Оно показывает мне, что актёры и, в особенности, актрисы, отказываются
от моральной оценки, оценивая себя с точки зрения искусства, и
что они, – когда кто-нибудь отдаётся им, – в любви, преданности
и почитании, – завоевания свои совершают не честными, так сказать,
исконно присущими им средствами, а благодаря той мягкости, с которой,
к примеру, воспринимают их дешёвое кокетство, и, учитывая его
профессиональную необходимость – становиться в некоторые моменты
пошлым, чтобы оказывать воздействие. Поэтому мы скорее прощаем
отсутствие вкуса у женщины сцены, чем у любой другой. Некоторым
актрисам, даже если мы моралисты, мы прощаем их моральную неполноценность.
И это не только из «уважения к искусству», но и из бессознательного
уважения к усилиям, которые требуются как для того, чтобы понравиться
толпе, так и для того, чтобы не оттолкнуть каждого в отдельности.
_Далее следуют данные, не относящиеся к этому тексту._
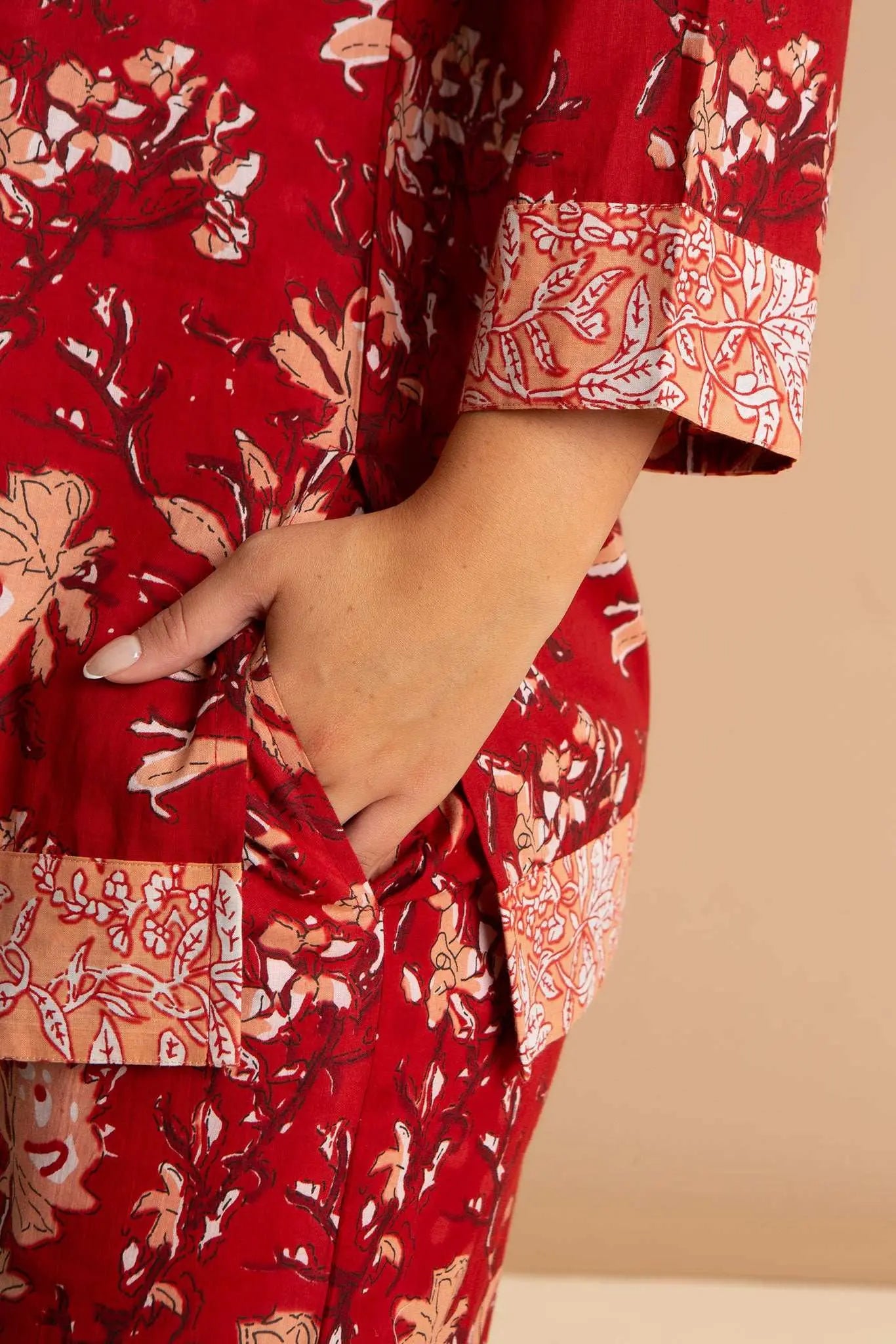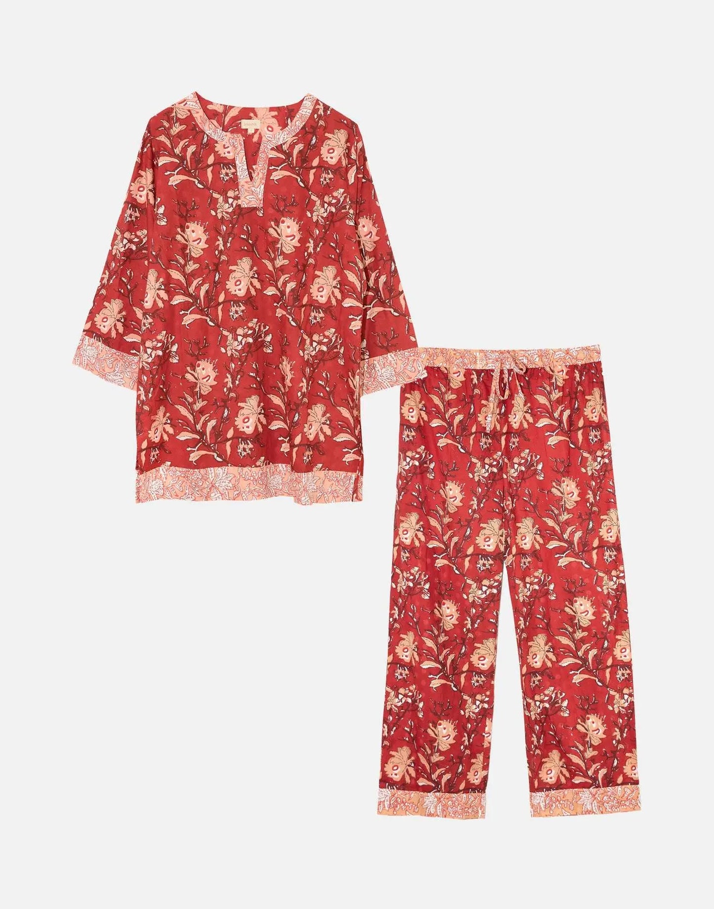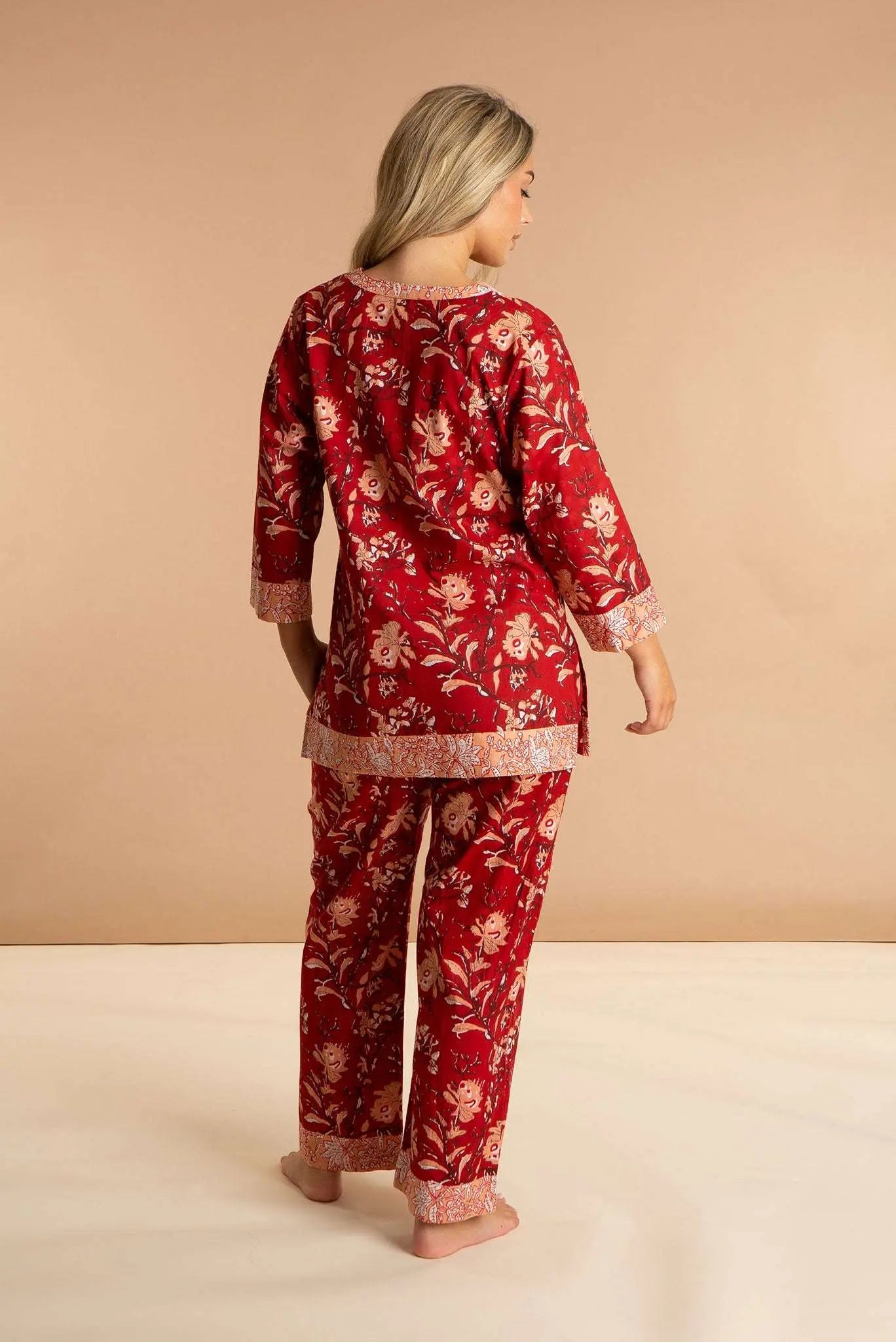 Our Red Rubra women's cotton pyjamas set is inspired by the sprawling sea of star dunes in the Sahara Desert. These luxury pjs feature a 3/4-sleeved split neckline loose top and straight leg pyjama bottoms with pockets, which are carefully printed and pre-washed, leaving the soft and breathable 100% Indian cotton a dream to wear. Our bold printed loungewear compliments both your early nights and late mornings.

Я был предубеждён против Эрны. Однако поскольку я знал, что любой
вид приговора, как и предрассудка, может быть более или менее
справедливым, и поскольку верил в справедливость своего предрассудка,
я, вопреки моему любопытству и участию во всём, что касалось моего
друга Арнольда, не считал себя обязанным выносить приговор сценическому
искусству Эрны, который, возможно, оказался бы более благосклонным.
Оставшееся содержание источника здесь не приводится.